Four types of listed waste:
F Waste - List of waste from non-specific sources
K Waste - List of waste from specific sources
U Waste - List of discarded chemical products
P Waste - List of acutely toxic discarded chemical products
Mixture rule - Any mixture of a listed hazardous waste and a non-hazardous waste is
considered hazardous.
Derived from rule - See 40 CFR 261.3c.
Characteristic waste - Four characteristics are utilized to determine if a solid waste,
which is not a listed hazardous waste, is classified as a hazardous waste.
Characteristic of ignitability:
A flashpoint of < 140°F
For non-liquids - if the waste, when ignited, can burn spontaneously
An ignitable compressed gas
An oxidizer as defined in 49 CFR 173.151
Characteristic of corrosivity:
The waste is aqueous and pH < 2 or > 12.5.

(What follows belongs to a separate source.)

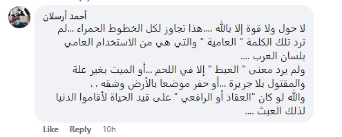 فيما علق حساب باسم أحمد أرسلان قائلا: "لا حول ولا قوة إلا بالله.. هذا تجاوز لكل الخطوط الحمراء.. لم ترد تلك الكلمة "العامية"، والتي هي من الاستخدام العامي بلسان العرب.. ولم يرد معنى "العبط" إلا في اللحم.. أو الميت بغير علة والمقتول بلا جريرة.. أو حفر موضعا بالأرض وشقه.. والله لو كان "العقاد أو الرافعي " على قيد الحياة لأقاموا الدنيا لذلك العبث".

The waste corrodes steel at a rate of > 6.35 millimeters/year.
Characteristic of reactivity:
The waste is unstable and undergoes violent reaction.
The waste reacts violently with water.
The waste, when heated, is explosive.
The waste, when mixed with water, releases toxic gases.
The waste contains cyanide or a sulfide, and releases toxic gases when
exposed to pH conditions between 2 and 12.5.
The waste can explode if shocked or heated.
The waste is defined as an explosive by U.S. Department of Transportation
regulations.
Characteristic of toxicity - A waste exhibits the characteristic of toxicity if the
concentration of one or more of the 39 toxicity characteristic analytes in the TCLP
aqueous extract exceeds regulatory action levels. This is known as the TC Rule.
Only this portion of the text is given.